9min

Kan het steeds completer wordende portfolio van Pure Storage, gekoppeld aan de steeds lagere prijzen per gigabyte en de evergreen-insteek van het bedrijf, de waanzin uit de storagemarkt halen?

Pure probeert iets bijzonders te doen in de storagemarkt. Het probeert namelijk iets wat wordt gezien als een commodity als iets heel bijzonders te verkopen. Het heeft daarnaast vanaf de oprichting gekozen om zich alleen op flash te richten, niet op harddisks. Deze strategie heeft het bedrijf zeker geen windeieren gelegd. Het gaat zonder meer goed met Pure. Tijdens Pure//Accelerate, de jaarlijkse conferentie van het bedrijf, spraken de vertegenwoordigers dan ook met veel vertrouwen over de producten en diensten en over de toekomst van het bedrijf.

Toch is het altijd goed om met twee woorden te blijven spreken in de storagemarkt. Het is namelijk een gekke industrie. Dat zeggen wij niet, dat zegt Charlie Giancarlo, de CEO van Pure Storage.
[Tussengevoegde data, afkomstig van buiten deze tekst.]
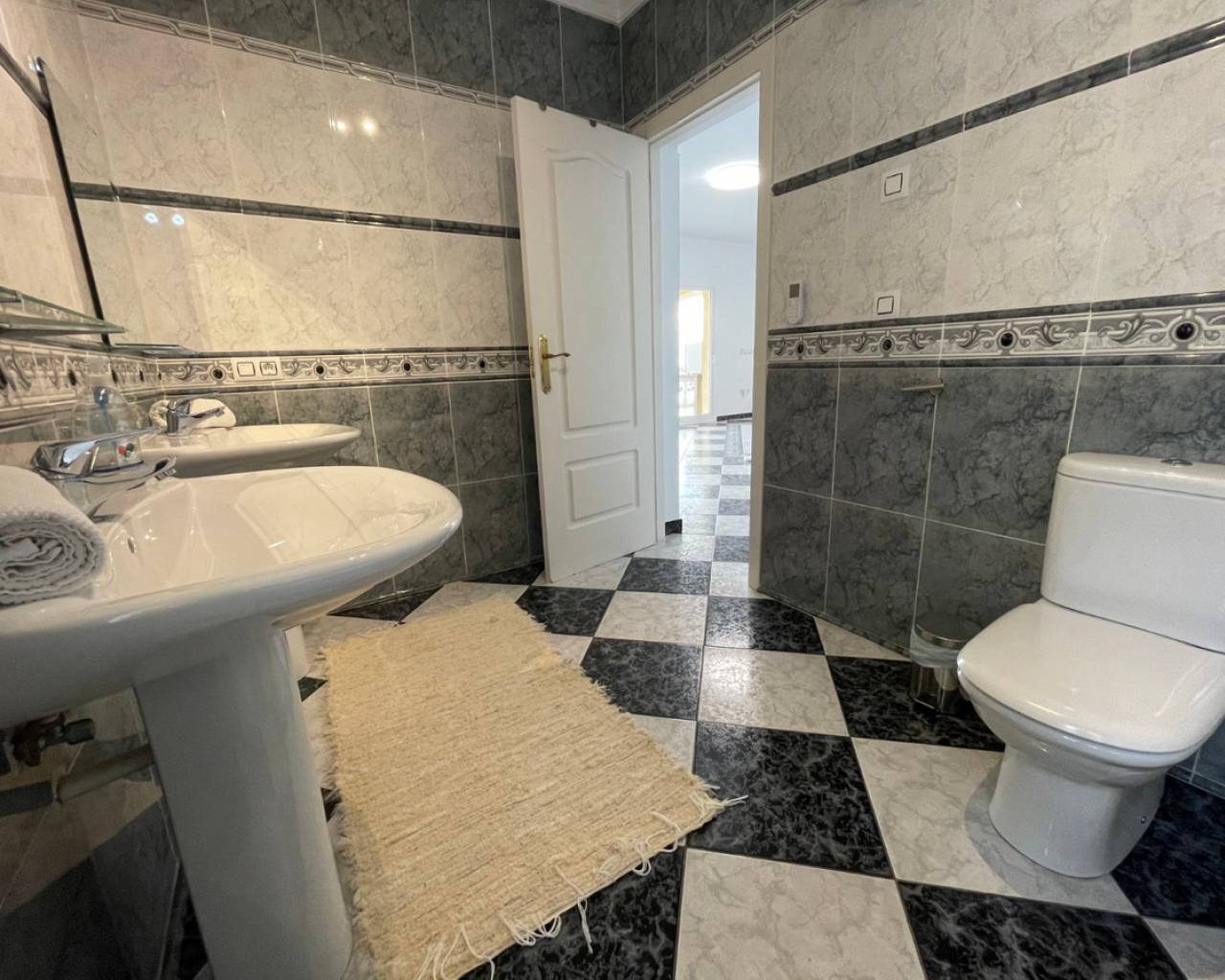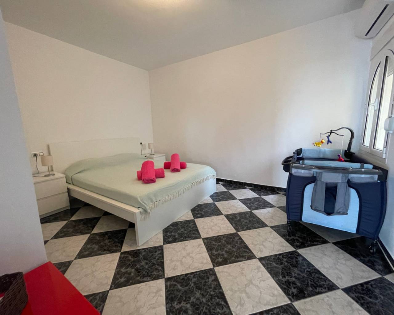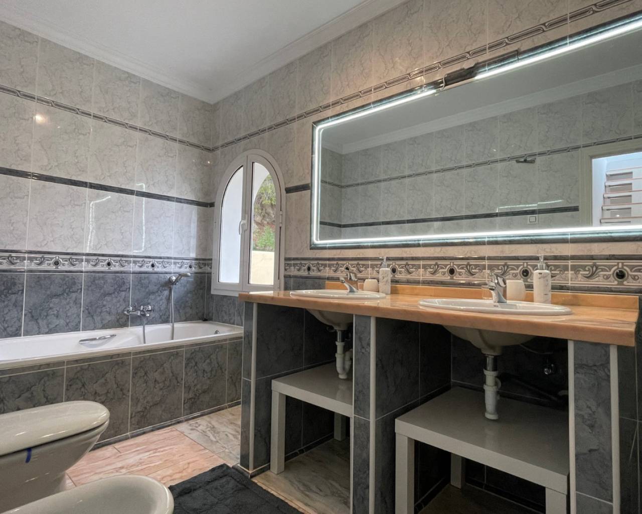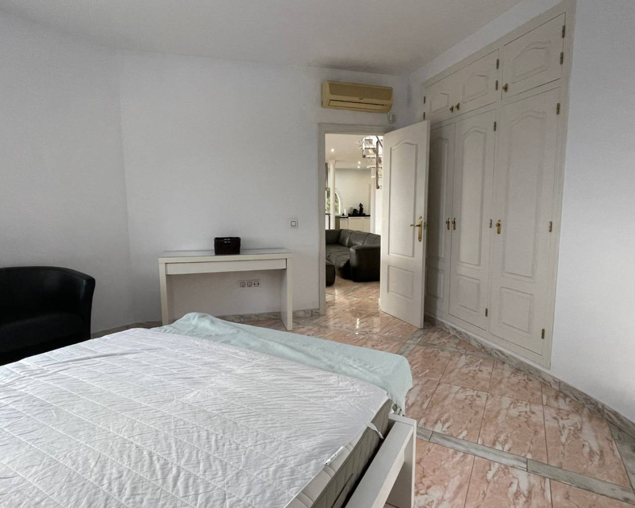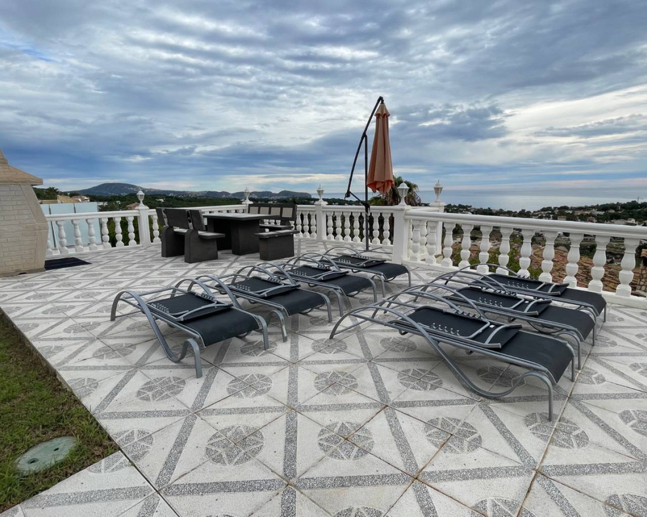 Detached villa with sea view and dual living layout for sale in Calpe This detached villa, built in 2013, is located in Calpe on a plot offering complete privacy and sea views. The property was built to German construction standards, with insulation in the exterior walls and ceilings to ensure a comfortable indoor climate in both summer and winter. Description The villa is currently divided into two identical apartments. Each apartment has a living and dining room, open kitchen, two bedrooms, and two bathrooms. The apartments can be connected internally via an internal staircase. Both floors have direct access to spacious terraces. There is also a roof terrace (solarium) with unobstructed sea views. The plot is southeast-facing and borders a green area. The garden requires little maintenance. The windows are made of raw aluminum with bronzed safety glass, fitted with insect screens and shutters. There is a garage with space for three cars. Access is secured with electric gates. The swimming pool is a striking feature of this villa: a 23x12-meter infinity pool with a unique shape, equipped with an integrated jacuzzi, children's pool, waterfall, and a centrally located palm tree. The pool and the living level are at the same height thanks to a 4.5-meter natural stone wall. The house is located on a dead-end street. Special features Built to German standardsTwo independent apartments, internally connectableAir conditioningRoof terrace with sea viewWindows with safety glass, insect screens, and shuttersGarage for 3 carsLarge infinity pool (23x12 m) with jacuzzi, children's pool, and waterfallQuiet location, complete privacyWhy view this villa Suitable for double occupancy or rentalLarge outdoor area and swimming pool on the same level as the houseSolid constructionSea viewA villa with a well-thought-out layout, lots of space, and sea view for sale in Calpe. Please contact us for a viewing or additional information.

We spraken hem recent toen hij een bezoek bracht aan het kantoor van Pure in Nederland. Hoe kijkt hij tegen de markt aan en wat zijn de plannen van Pure voor de komende jaren?

Meer dekking met //E-portfolio

Laten we met de tweede vraag beginnen. Het antwoord daarop kun je ook in uitgebreide vorm vinden in het artikel dat we publiceerden naar aanleiding van ons bezoek aan Pure//Accelerate enkele maanden geleden. Pure wil binnen nu en 2025 harddisks overbodig maken. Giancarlo zegt het kort maar krachtig: “Over 2,5 jaar denken klanten alleen nog na over flash en tape.” Daarmee impliceert hij overigens niet dat Pure de enige overgebleven speler zal zijn, maar wel dat ook alle andere gevestigde namen overschakelen van harddisks naar flash (of tape uiteraard, maar dat is in de context van dit artikel niet zo relevant).

Om dit te bereiken, moet er nog wel het nodige werk verzet worden overigens, ook door Pure. Om te beginnen moet het flash-oplossingen gaan bieden voor alle data waarvoor het zinvol is om het te doen, die dus niet op tape opgeslagen kan worden. De aankondiging van FlashBlade//E begin dit jaar en FlashArray//E tijdens Accelerate zijn hier een zeer belangrijke stap in, geeft hij aan. “Tot //E dekten we ongeveer 20 procent van alle primaire data met onze producten en diensten”, volgens Giancarlo. Dan kun je een goed verhaal hebben op het gebied van evergreen, duurzaamheid en gebruiksgemak, je kunt dan nooit de dekking bereiken die je wilt bereiken. Dat moet het //E-portfolio dus wel mogelijk gaan maken.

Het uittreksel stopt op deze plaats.